The others were GOP Reps. Harvey Hilderbran of Kerrville, head of tax-writing Ways and Means; Lois Kolkhorst of Brenham, who leads Public Health; and John Smithee of Amarillo, the Insurance Committee’s long-time chief. Hilderbran wants to run for comptroller. Most people believe Kolkhorst, who this year courted both tea party-backed House freshmen and Gov. Rick Perry, is ambitious and hatching some big career move.

Who wielded the most influence in Austin? Not who you’d expect.

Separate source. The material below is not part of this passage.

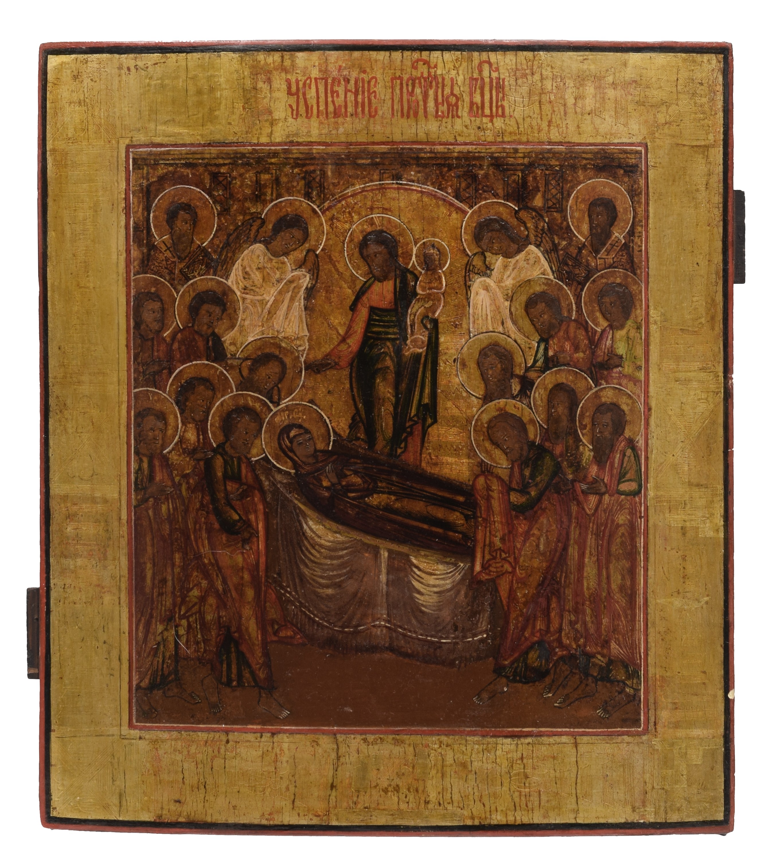 Scena Zaśnięcia Marii Panny to przedstawienie śmierci Marii, matki Chrystusa („Koimesis” „Zaśnięcie”), w otoczeniu apostołów. W centrum przedstawienia znajduje się stojący przy łożu swej matki Zbawiciel, trzymający w dłoniach jej duszę w postaci niemowlęcia w powijakach (prześcieradło pogrzebowe). Chrystus przybył po duszę Marii ze wspaniałością równą Przemienieniu. Postać odzianego w czerwono-niebieskie szaty Chrystusa otoczona mandorlą.

This year, neither Gov. Rick Perry nor Lt. Gov. David Dewhurst left the biggest mark on the Legislature’s regular session. The most important figure was House Speaker Joe Straus. His influence was both positive and negative — you couldn’t miss it.

Williamson County:

County pushes stronger election-judge training.

Williamson County Judge Dan Gattis on Tuesday called for the formation of a committee – consisting of five Republicans, five Democrats and election administration officials – that will draft standards and procedures regarding mandatory training for election judges.

Training is currently available, but who takes what level of course and other issues have been sources of contention. What the problem is depends upon whom one asks.